ホトケの顔も三度まで

ノンフィクション作家、探検家角幡唯介のブログ

倒壊する巨塔

2010年01月15日 12時37分11秒 | 書籍
ローレンス・ライトの「倒壊する巨塔」(白水社)を読んだ。チベットに出発する前に、アマゾンから「おすすめの本があります」と言われて、すぐに買った本だ。上下巻で800ページくらいあるので、帰国してから読もうと思って楽しみにしていた。
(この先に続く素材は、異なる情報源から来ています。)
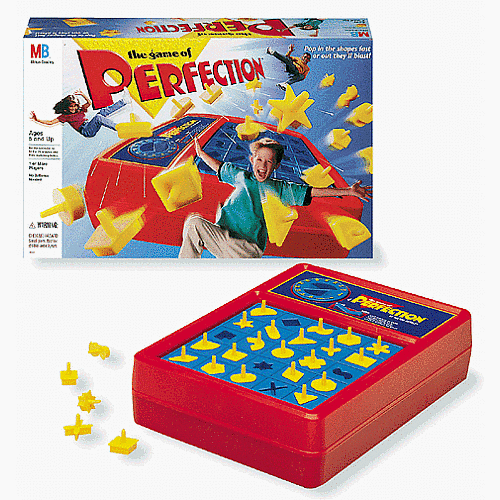Well, I. LOVED. IT. I loved finding the right piece to go in the right place. Another game I adored was Perfection. How about that one? Do you remember this?
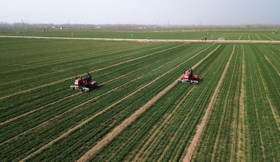 山東省汶上縣,農(nóng)民駕駛農(nóng)機在高標準農(nóng)田里進行小麥春季管護作業(yè)(2024年3月13日攝,無人機照片)。新華社記者 徐速繪 攝
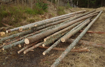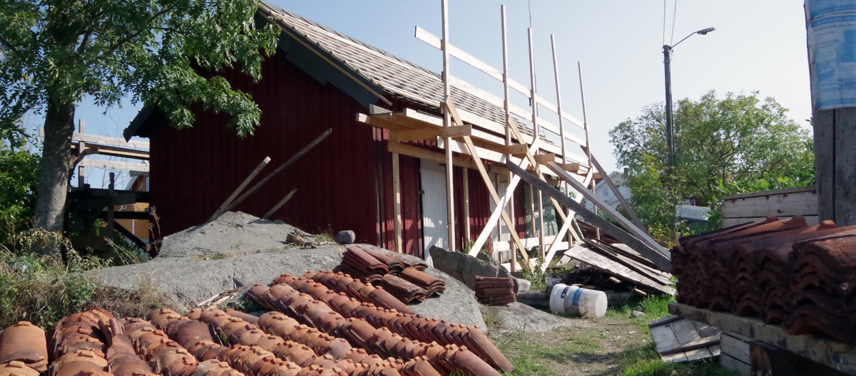 Han hentet rundtømmeret, og fikk kappet det så det best mulig passet for taket på garnbua. Så ble tømmeret barka og lagret for tørk gjennom sommeren, før den første delen av taket ble skiftet utpå seinvinteren.
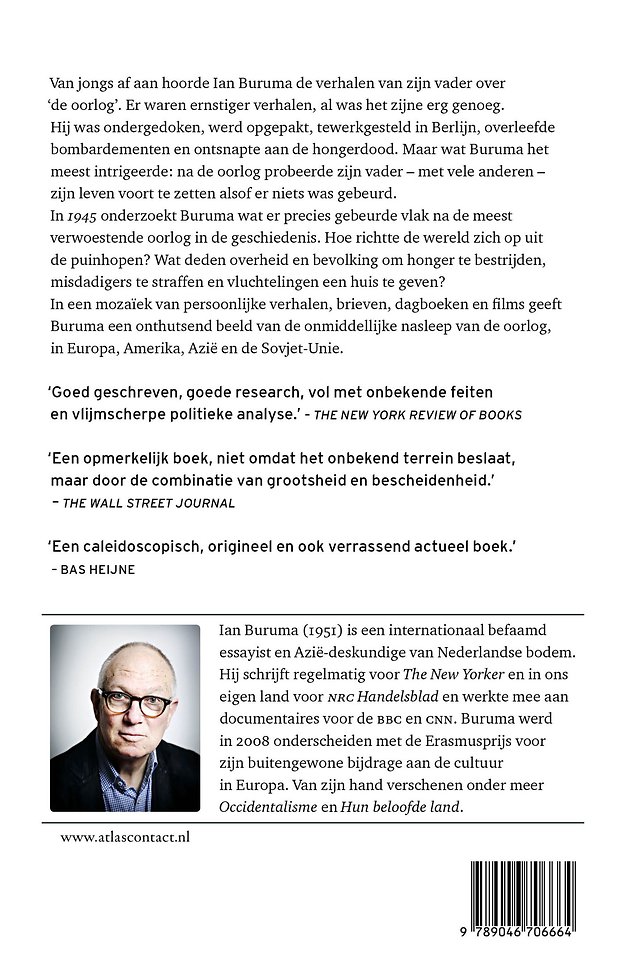 In 1945 onderzoekt Buruma wat er precies gebeurde vlak na de meest verwoestende oorlog in de geschiedenis. Hoe richtte de wereld zich op uit de puinhopen? Wat deden overheid en bevolking om honger te bestrijden, misdadigers te straffen en vluchtelingen een huis te geven?
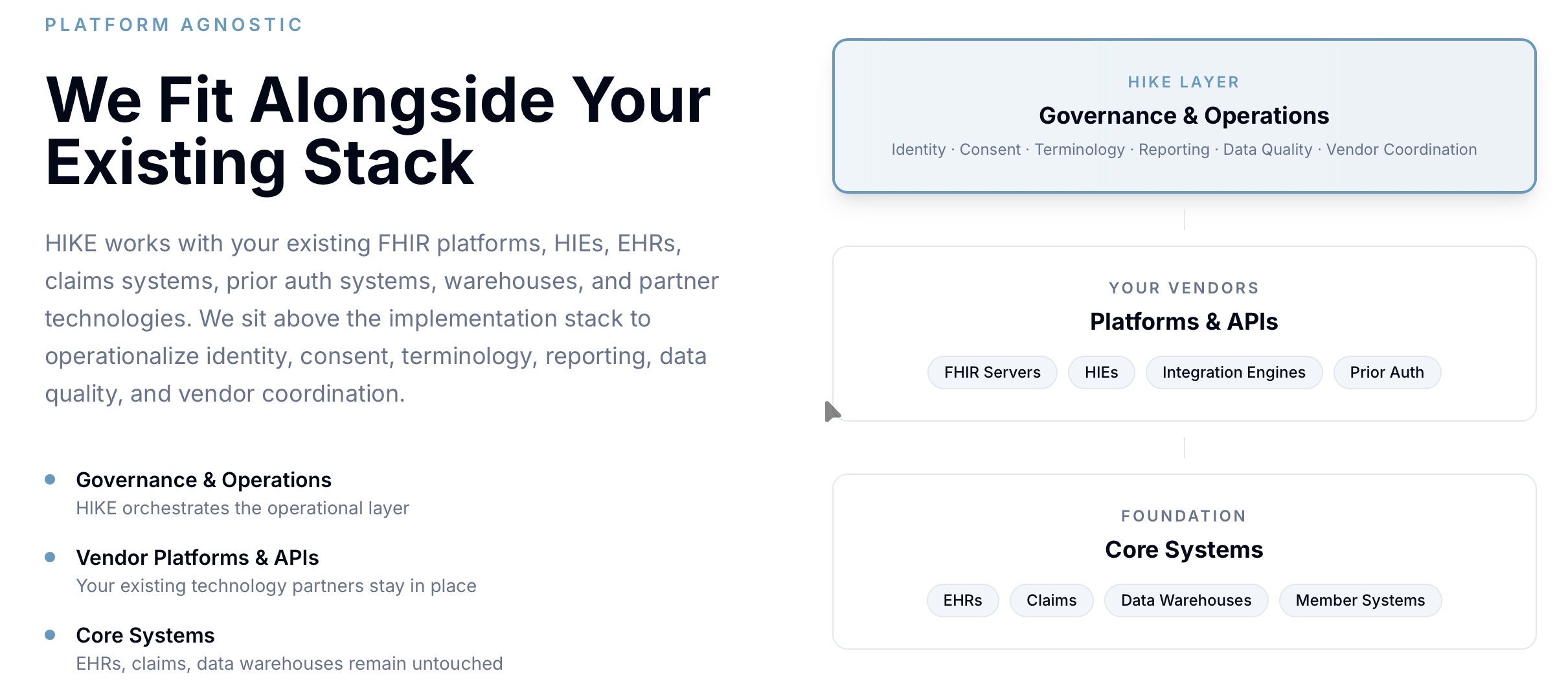 The service is explicitly vendor-agnostic, allowing organizations to integrate preferred EHRs, FHIR servers, HIE platforms, and health IT solutions while still operating under a unified, best-practice interoperability model. Through partnerships with FHIR platform vendors such as Firely, Smile CDR, Rhapsody, Mirth, and others, HIKE Basecamp™ helps clients operationalize a FHIR-native foundation that can support regulatory APIs, clinical data exchange, and innovation use cases without constant rework.
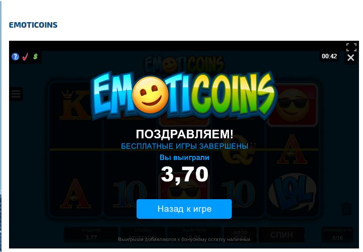 код LIZ20MISVA 30 спинов в EMOTICOINS
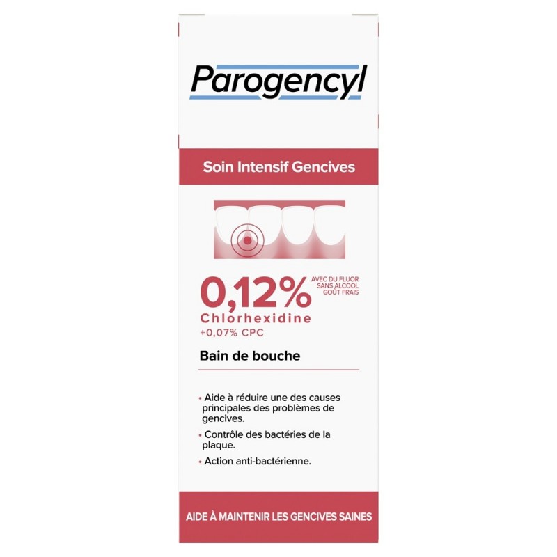 Parogencyl Bain de Bouche Soin Intensif Gencives 300 ml contient du fluor pour aider à renforcer l'émail. De plus il vous laisse un goût frais et agréable . Le complément idéal pour votre hygiène bucco-dentaire. Grâce à sa formule contenant du CPC et 0,12% de chlorhexidine, des actifs antibactériens, ce bain de bouche sans alcool vous aide à prendre soin des gencives. Il aide à réduire la croissance des bactéries de la plaque dentaire, responsable de l’inflammation gingivale occasionnelle.
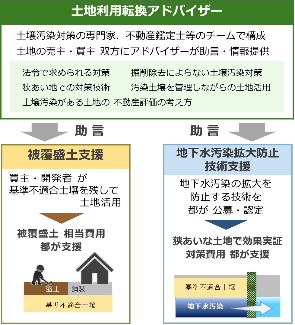 東京都では、令和5年度から 中小事業者による円滑な土地利用の転換 と 持続可能な土壌汚染対策の推進 を目的として、土壌汚染がある工場跡地等において掘削除去によらない対策を行う土地所有者等を、技術・費用の双方から支援する事業を行っています。
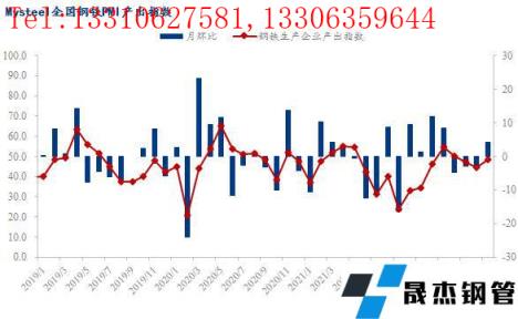 5月份,全國鋼鐵行業(yè)無縫厚壁鋼管廠家產出指數(shù)較4月份小幅回升4.2個百分點,終值48.6。具體來看,上半月隨著部分區(qū)域高爐檢修結束陸續(xù)復產,粗鋼產量整體回升,但后半月成材價格持續(xù)下行,導致無縫厚壁鋼管廠家生產盈利大幅收縮,尤其是短流程企業(yè)已全線虧損,部分無縫厚壁鋼管廠家主動停減產,成材產量隨之下行。
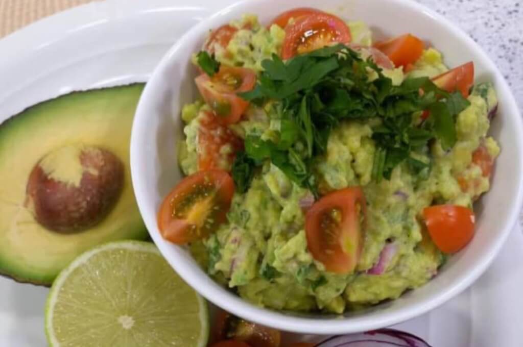 Necesitarás 3 aguacates, 1 limón, 3 cucharadas de mantequilla crema, 1/4 taza de cebolla roja picada, 1 jalapeño, 1/2 taza de tomate cherry y 3 cucharadas de cilantro picado.
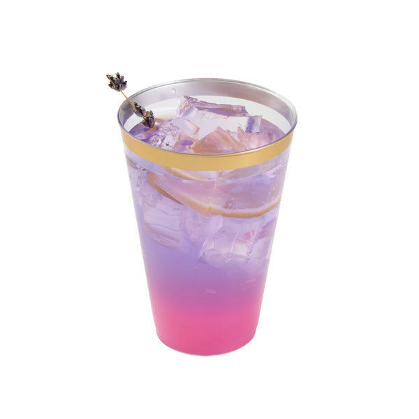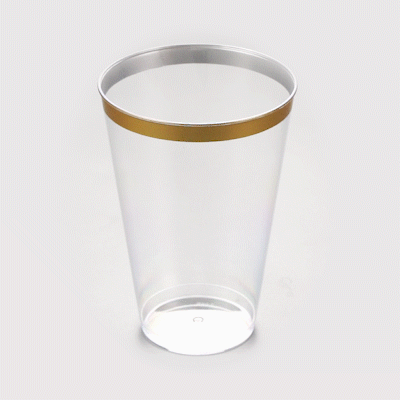 14 OZ CLEAR PLASTIC TUMBLER - WITH GOLD RIM
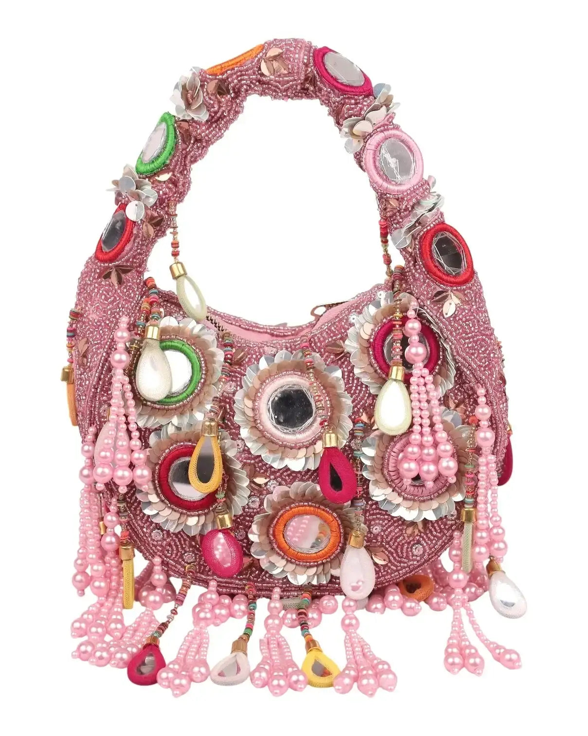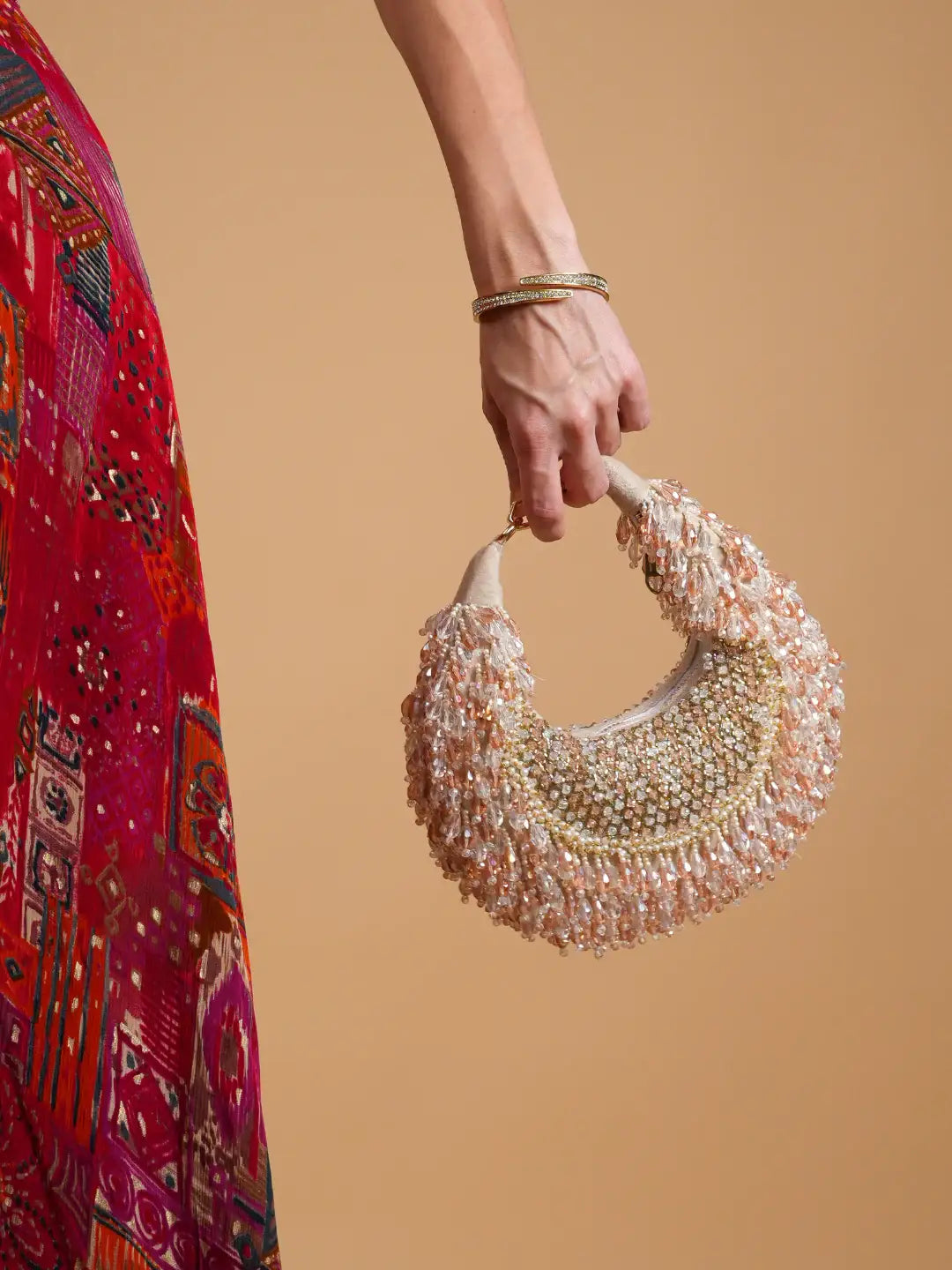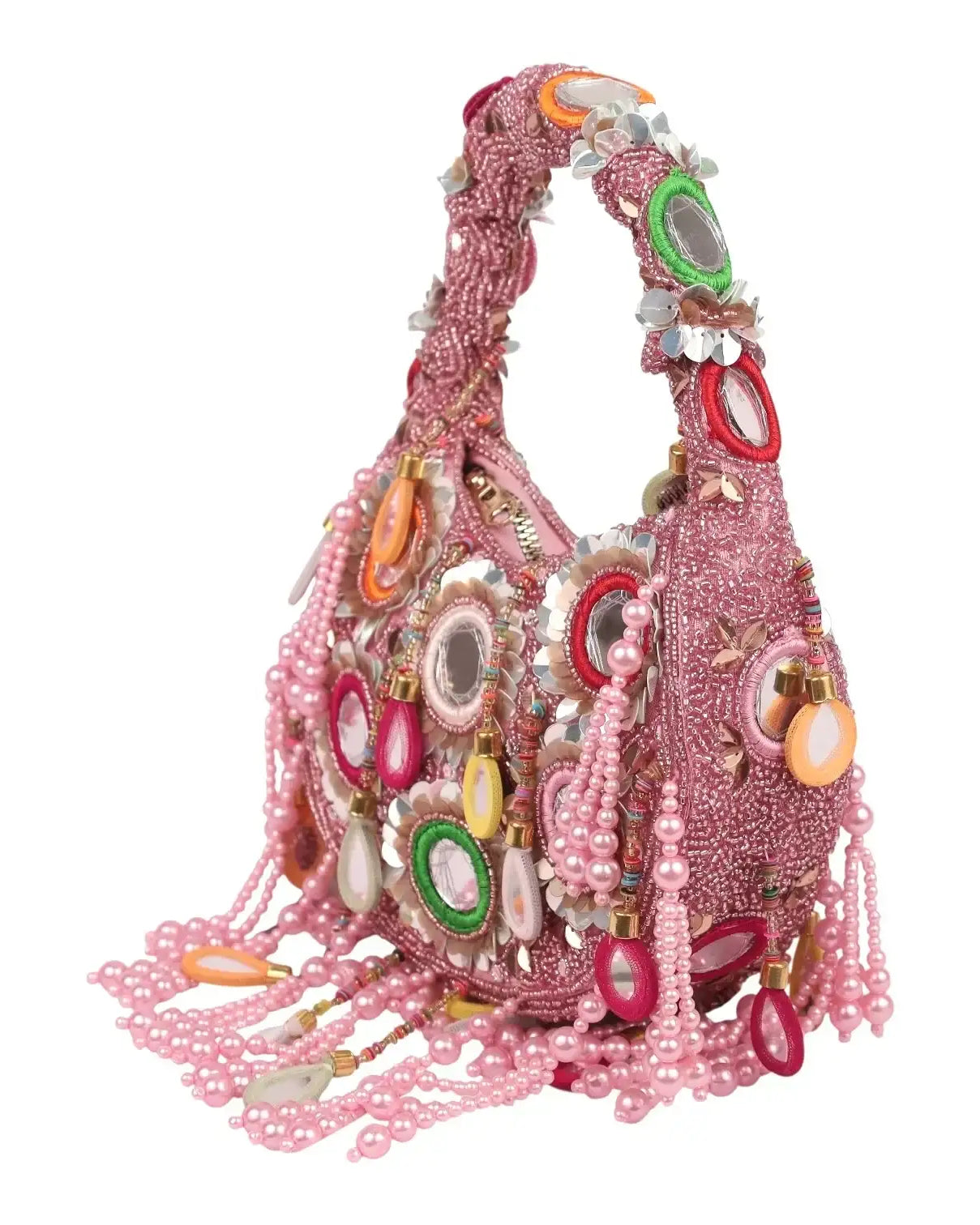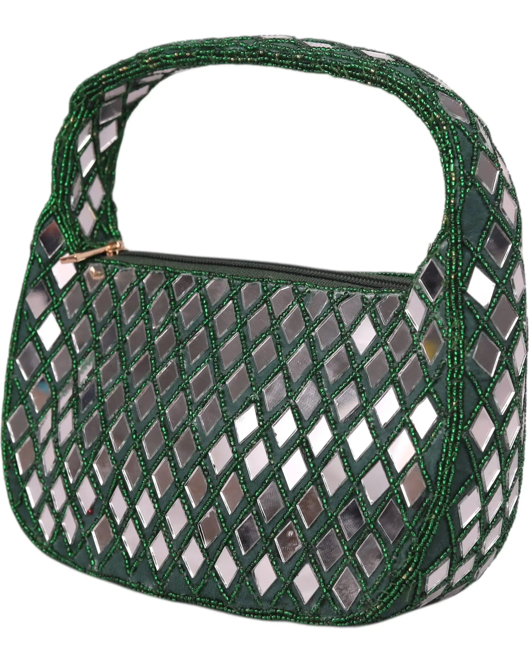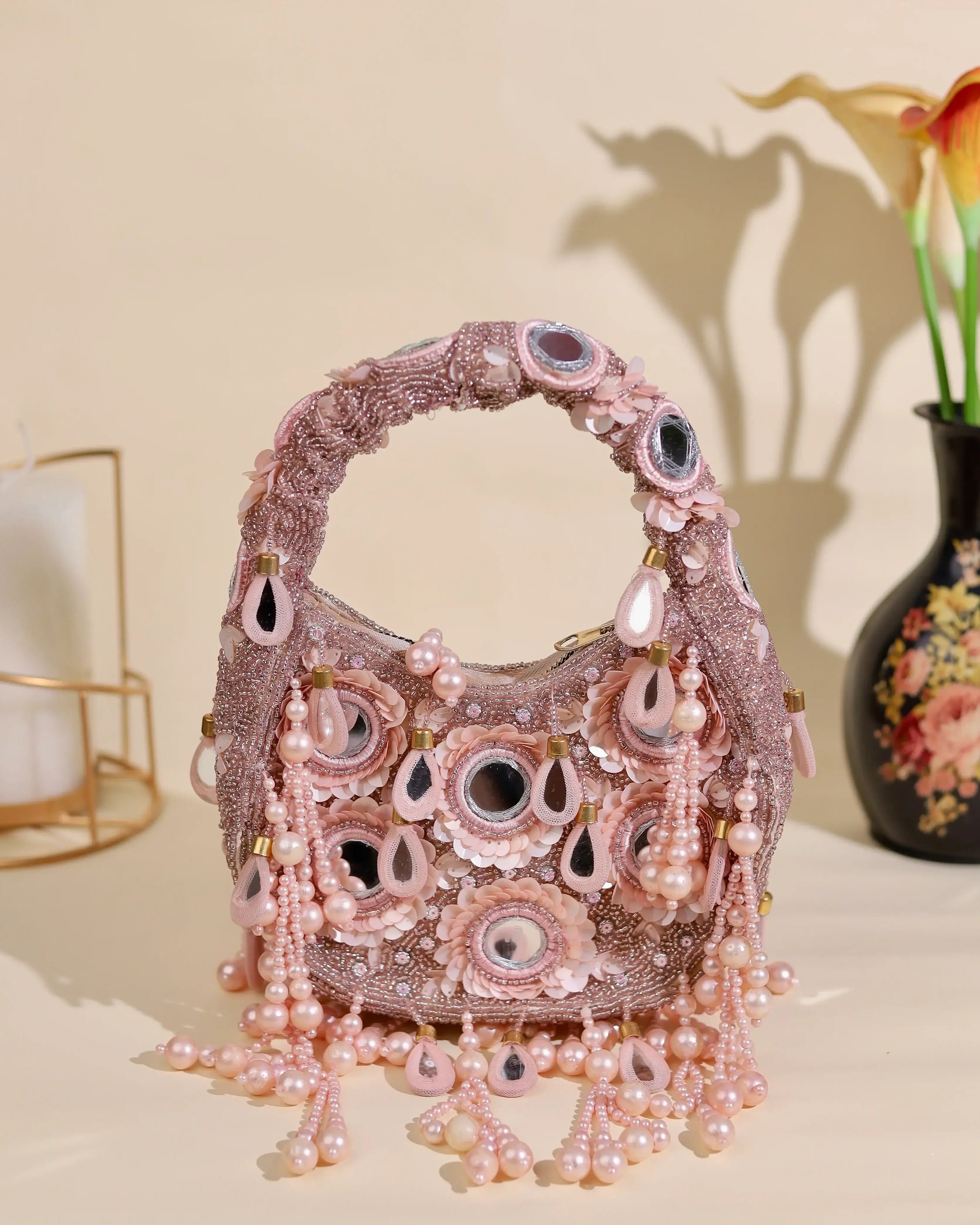 Add a touch of elegance to your ensemble with this stunning emerald pink beaded handbag. Designed in a chic crescent silhouette, this statement piece is intricately embellished with shimmering green beads, sequins, and delicate pearl accents, creating a rich texture that catches the light beautifully. The structured handle ensures comfort while carrying, making it the perfect accessory for weddings, festive occasions, or glamorous evenings out.

ビンラディンやアイマン・ザワヒリ、FBI捜査官ジョン・オニールの人生を丹念に追って、9・11がなぜ、どのような過程を経て起きたのかを提示している。細かいエピソードやシーンをつなぎ合わせることで、テロリストたちの人間像をあぶりだしているところが素晴らしい。あれほど冷酷な犯罪をしでかしたテロリストも結局ひとりの人間で、何かのふとしたきっかけで、ひょっとしたら僕らもああした人たちになってしまうのかもしれないという「地続き感」を思わず抱かせられる。

著書のローレンス・ライトはニューヨーカー誌のライター。確か取材に5年(3年かも)かけたとか書いてあった。それだけの金と時間をかけても、ちゃんと売れて読まれるということなのだろう。アメリカのノンフィクション界の層の分厚さには感嘆するしかない。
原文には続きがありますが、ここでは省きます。